Taipei/Beijing | EGINDO.co – Kementerian pertahanan Taiwan memperingatkan China tentang tindakan balasan yang kuat pada Rabu (13 Oktober) jika pasukannya terlalu dekat dengan pulau itu, karena Beijing mempertahankan serangannya ke zona pertahanan udara Taiwan sebagai langkah “adil” untuk melindungi perdamaian dan stabilitas.
Ketegangan militer dengan China, yang mengklaim Taiwan sebagai wilayahnya sendiri, adalah yang terburuk dalam lebih dari 40 tahun, menteri pertahanan Taiwan mengatakan pekan lalu, menambahkan China akan mampu melakukan invasi “skala penuh” pada tahun 2025.
Dia berbicara setelah China melancarkan empat hari berturut-turut serangan angkatan udara massal ke zona identifikasi pertahanan udara Taiwan yang dimulai pada 1 Oktober, bagian dari pola yang dilihat Taipei sebagai peningkatan pelecehan militer oleh Beijing.
Tidak ada tembakan yang dilepaskan dan pesawat China berada jauh dari wilayah udara Taiwan, memusatkan aktivitas mereka di sudut barat daya zona pertahanan udara Taiwan.
Dalam sebuah laporan ke parlemen, kementerian pertahanan Taiwan mengatakan pasukan mereka akan mematuhi prinsip “semakin dekat mereka ke pulau itu, semakin kuat tindakan balasan”, meskipun tidak memberikan rincian.
Kementerian menyatakan keprihatinan lagi tentang kecakapan China yang berkembang, dengan kapal induk baru, kapal selam bertenaga nuklir dan kapal serbu amfibi mulai beroperasi.
Kemampuan China dalam menolak akses dan memblokade Selat Taiwan “menjadi semakin lengkap, yang akan menimbulkan tantangan dan ancaman serius bagi operasi pertahanan kami”, tambahnya.
China menyalahkan Taiwan, dan pendukung internasionalnya yang paling penting Amerika Serikat, atas ketegangan, sebuah poin yang Ma Xiaoguang, juru bicara Kantor Urusan Taiwan China, dibuat lagi di Beijing, menunjuk jari ke Partai Progresif Demokratik (DPP) yang berkuasa di Taiwan.
Latihan China ditujukan untuk “kolusi” dengan pasukan asing – referensi terselubung untuk dukungan AS untuk Taiwan – dan kegiatan separatis, melindungi kedaulatan negara dan integritas teritorial serta perdamaian dan stabilitas di Selat Taiwan, tambahnya.

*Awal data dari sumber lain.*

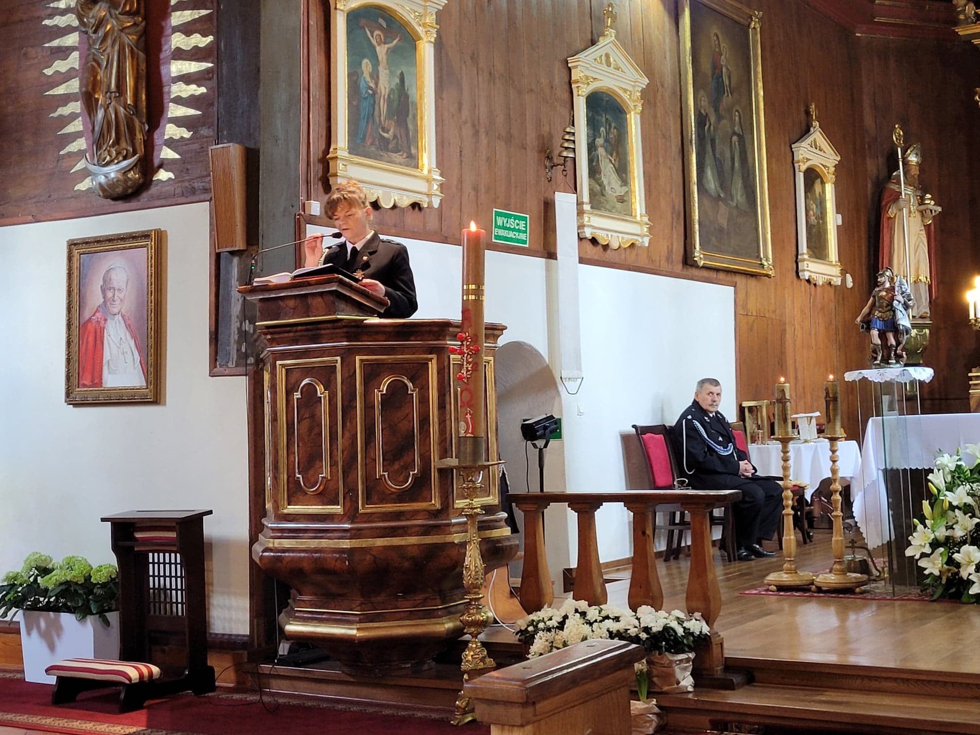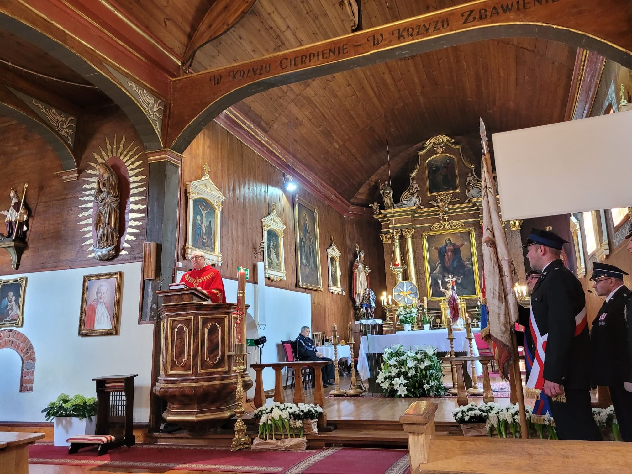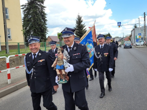 W trakcie Mszy Św. Ksiądz Prałat poświęcił figurkę Św. Floriana patrona Strażaków, którą ufundował Pan Piotr Opas - Członek Zarządu Głównego Związku Ochotniczych Straży Pożarnych RP w Warszawie.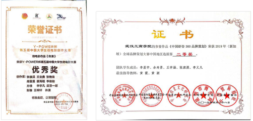 张滨淏同学在2019年全国大学生新媒体知识竞赛中获得国家级三等奖;和许潇等人编导的作品《自渡》在中国大学生微电影创作大赛中获得优秀奖;参赛作品《中国虾谷360品牌策划》在全球大学生品牌策划大赛中获得国家级二等奖。肖梦茹同学在2019年第三届全国大学生环保知识竞赛中获得优秀奖,制作的《毕业季MV之再见再见》荣获第八届“视友杯”中国高校电视奖综艺类三等奖。

“Itu benar-benar hanya tindakan,” kata Ma.
“Otoritas DPP ‘hyping dari apa yang disebut ‘ancaman militer’ dari daratan adalah untuk sepenuhnya membalikkan benar dan salah, dan tuduhan palsu,” tambahnya.
“Jika otoritas DPP dengan keras kepala terus melakukan hal-hal dengan cara yang salah, dan tidak tahu bagaimana mundur dari tepi, itu hanya akan mendorong Taiwan ke dalam situasi yang lebih berbahaya.”
Taiwan mengatakan itu adalah negara merdeka yang disebut Republik China, nama resminya, dan akan mempertahankan kebebasan dan demokrasinya.
Terlepas dari komentar Ma, baik Presiden China Xi Jinping dan Presiden Taiwan Tsai Ing-wen membuat pidato yang relatif berdamai pada akhir pekan, bahkan ketika Xi berjanji untuk membawa Taiwan di bawah kendalinya dan Tsai mengatakan mereka tidak akan dipaksa untuk tunduk pada China.
Xi tidak menyebutkan menggunakan kekuatan atas Taiwan, sementara Tsai menegaskan kembali keinginan untuk perdamaian dan dialog dengan China.
Tsai, berbicara pada pertemuan rutin partai pada hari Rabu, menegaskan kembali bahwa pemerintah tidak pernah “mengendur” ketika dihadapkan dengan ancaman militer China tetapi juga tidak pernah “maju dengan gegabah”.
“Saya juga ingin mengulangi bahwa kami tidak akan pernah menyerah pada tekanan,” tambahnya.